Database settings - Choose between internal or external databases. If using external databases, you need to specify the database connection strings.
It will not possible to switch from internal to external databases or vice versa after the initial configuration.
SMTP settings - Specify an SMTP server for outgoing email.
Other settings are optional and depend on your environment and the desired integrations. Most settings can also be changed later. See SwaggerHub Configuration for a description of the available settings.
The next step checks your OpenShift cluster to ensure it meets the minimum requirements.
If you are installing in namespace-scoped mode you will not be able to run the preflight checks in the UI. Follow the on-screen instructions to run the checks from the CLI.
If all preflight checks are green, click Continue.
If one or more checks fail, do not proceed with the installation and contact Support.
While the installer allocates resources and deploys workloads, the application status on the dashboard will be Unavailable. If it stays in this state for more than 10 minutes, generate a support bundle and send it to the Support team.
Tip: To monitor the deployment progress, you can run
kubectl get pods -n swaggerhub
a few times until all pods are Running or Completed:
NAME READY STATUS RESTARTS AGE kotsadm-85d89dbc7-lwvq2 1/1 Running 0 32m kotsadm-minio-0 1/1 Running 6 13d kotsadm-postgres-0 1/1 Running 5 13d spec-converter-api-584cc46657-hbfmd 1/1 Running 0 9m55s swagger-generator-v3-6fc55cb57d-brwg6 1/1 Running 0 9m55s swaggerhub-accounts-api-8bb87565b-xthkv 1/1 Running 0 9m55s swaggerhub-api-service-546b56b94b-6jxch 1/1 Running 0 9m55s swaggerhub-configs-api-794847bd79-jnlhl 1/1 Running 0 9m55s swaggerhub-custom-rules-5ccfd45599-d5bxc 1/1 Running 0 9m55s swaggerhub-frontend-69b7c55595-n7vsj 1/1 Running 0 9m55s swaggerhub-notifications-bbd5f8794-ggz99 1/1 Running 0 9m55s swaggerhub-operator-758c997747-hnjt7 1/1 Running 0 9m55s swaggerhub-pre-install-r9c2f 0/1 Completed 0 13d swaggerhub-pre-upgrade-cg664 0/1 Completed 0 10m swaggerhub-products-api-6dd446b654-7w7wn 1/1 Running 0 9m55s swaggerhub-registry-api-886997fd7-8q8c7 1/1 Running 0 9m54s swaggerhub-virtserver-79fdf54f98-wpmt8 1/1 Running 0 9m54s
Once the application has become ready, the status indicators on the Dashboard become green.

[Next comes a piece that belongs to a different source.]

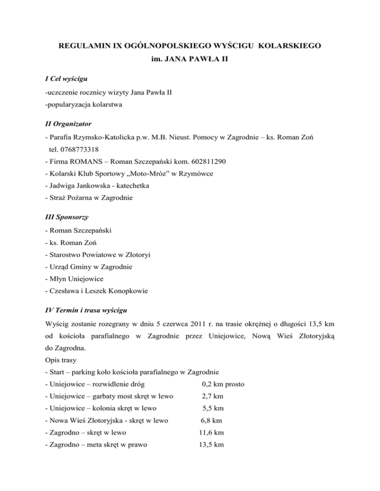 REGULAMIN IX OGÓLNOPOLSKIEGO WYŚCIGU KOLARSKIEGO im. JANA PAWŁA II I Cel wyścigu -uczczenie rocznicy wizyty Jana Pawła II -popularyzacja kolarstwa II Organizator - Parafia Rzymsko-Katolicka p.w. M.B. Nieust. Pomocy w Zagrodnie – ks. Roman Zoń tel. 0768773318 - Firma ROMANS – Roman Szczepański kom. 602811290 - Kolarski Klub Sportowy „Moto-Mróz” w Rzymówce - Jadwiga Jankowska - katechetka - Straż Pożarna w Zagrodnie III Sponsorzy - Roman Szczepański - ks. Roman Zoń - Starostwo Powiatowe w Złotoryi - Urząd Gminy w Zagrodnie - Młyn Uniejowice - Czesława i Leszek Konopkowie IV Termin i trasa wyścigu Wyścig zostanie rozegrany w dniu 5 czerwca 2011 r. na trasie okrężnej o długości 13,5 km od kościoła parafialnego w Zagrodnie przez Uniejowice, Nową Wieś Złotoryjską do Zagrodna. Opis trasy - Start – parking koło kościoła parafialnego w Zagrodnie - Uniejowice – rozwidlenie dróg 0,2 km prosto - Uniejowice – garbaty most skręt w lewo 2,7 km - Uniejowice – kolonia skręt w lewo 5,5 km - Nowa Wieś Złotoryjska - skręt w lewo 6,8 km - Zagrodno – skręt w lewo 11,6 km - Zagrodno – meta skręt w prawo 13,5 km V Uczestnictwo W wyścigu mogą uczestniczyć zawodnicy zrzeszeni ( posiadający ważną licencję MASTERS 2011, ubezpieczenie OC i NW, aktualne badania lekarskie ) i nie zrzeszeni; prawo startu w wyścigu mają również dzieci do lat 18 za zgodą rodziców lub opiekunów. Zawodnicy startują obowiązkowo w kaskach sztywnych oraz na sprawnych technicznie rowerach. VI Zgłoszenia Zgłoszenia będą przyjmowane w biurze wyścigu w dniu 5 czerwca 2011 w sali parafialnej przy kościele od godz. 9.00 VII Zasady finansowania - koszty organizacyjne ponosi organizator - koszty osobowe i startowe ponoszą zawodnicy VIII Sposób rozegrania wyścigu - wyścig zostanie rozegrany zgodnie z przepisami sportowymi Szkol; - zwycięzcami w poszczególnych kategoriach wiekowych będą zawodnicy, którzy przejadą trasę wyścigu i miną linię mety jako piersi; IX Nagrody Zwycięzcy w kategoriach wiekowych otrzymają puchary oraz dyplomy do 3 miejsca. Nagrody główne zostaną rozlosowane wśród uczestników wyścigu. X Program minutowy W godz. od 9,00 do 11,30 weryfikacja dokumentów od 11,30 do 11,45 odprawa techniczna od 12,00 do 12,45 Msza Święta XI Kategorie wiekowe - kat open 15-29 lat dystans okrążeń 5 x 13,5 km - kat I 30-39 lat dystans okrążeń 5 x 13,5 km - kat II 40-49 lat dystans okrążeń 5 x 13,5 km - kat III 50-59 lat dystans okrążeń 4 x 13,5 km - kat IV 60 lat dystans okrążeń 4 x 13,5 km - kat V 70 lat dystans okrążeń 3 x 13,5 km - kat skrzat 8-12 lat dystans 4 km - kat młodzik 13-14 lat dystans 4 km - kat nie zrzeszeni 15-40 lat dystans 4 km - kat nie zrzeszeni pow. 41 lat dystans 4 km XII Orientacyjny program startów: - godz. 13,00 kat skrzat, młodzik, nie zrzeszeni - godz. 13,45 kat Open i Masters Poszczególne kategorie startują co 3 minuty. XIII Wpisowe Opłata startowa dla kat. MASTERS kat. I do III - 30 zł kat. IV do V - 15 zł kat. Open - 15 zł pozostali - 5 zł Dzieci do 14 lat bez opłaty XIV Przepisy końcowe - zawody zostaną rozegrane zgodnie z przepisami PZKol - zawodnicy startują w kaskach ochronnych - zawodnicy winni posiadać ubezpieczenie NW i OC - wyścig rozegrany zostanie przy częściowo ograniczonym ruchu drogowym - zawodnicy zobowiązani są do przestrzegania przepisów o ruchu drogowym - dzieci niepełnoletnie biorące udział w imprezie winny mieć pisemną zgodę rodziców lub opiekunów - za wypadki na trasie powstałe z winy zawodników oraz za rzeczy pozostawione organizator nie ponosi odpowiedzialności - po odbiór nagród zawodnik winien zgłosić się osobiście - we wszystkich sprawach nie ujętych w Regulaminie decyduje Sędzia Główny Pan Sławomir Marczewski w porozumieniu z organizatorem - w przypadku małej ilości zawodników grupy mogą być łączone - organizator zastrzega sobie prawo wprowadzenia zmian w Regulaminie Adres szpitala ZOZ Złotoryja ul. Hoża 11 Tel. 076 8779574

Create admin user and default organization
Run the following command to create an admin user and a default organization in SwaggerHub. Note the space in
kubectl exec -it deploy/swaggerhub-operator -n swaggerhub -- cmd create-admin-user admin -p p@55w0rd firstname.lastname@example.org myorg
The admin username must be between 3 to 20 characters and can only contain characters
A..Z a..z 0..9 - _ .
The admin password must be at least 7 characters long with at least 1 lowercase letter and 1 number. If the password contains characters that have a special meaning in Bash (such as
! $ &and others), enclose the password in single quotes (like
-p '$passw0rd') or escape the special characters.
Once done, open the SwaggerHub web application at
http://DNS_NAME and log in using the admin username and password. You should see the created organization in the sidebar:
Now that SwaggerHub is up and running, you can:
Add users to your organization in SwaggerHub and set their roles – either manually or using the User Management API.
Configure single sign-on using SAML, LDAP, or GitHub.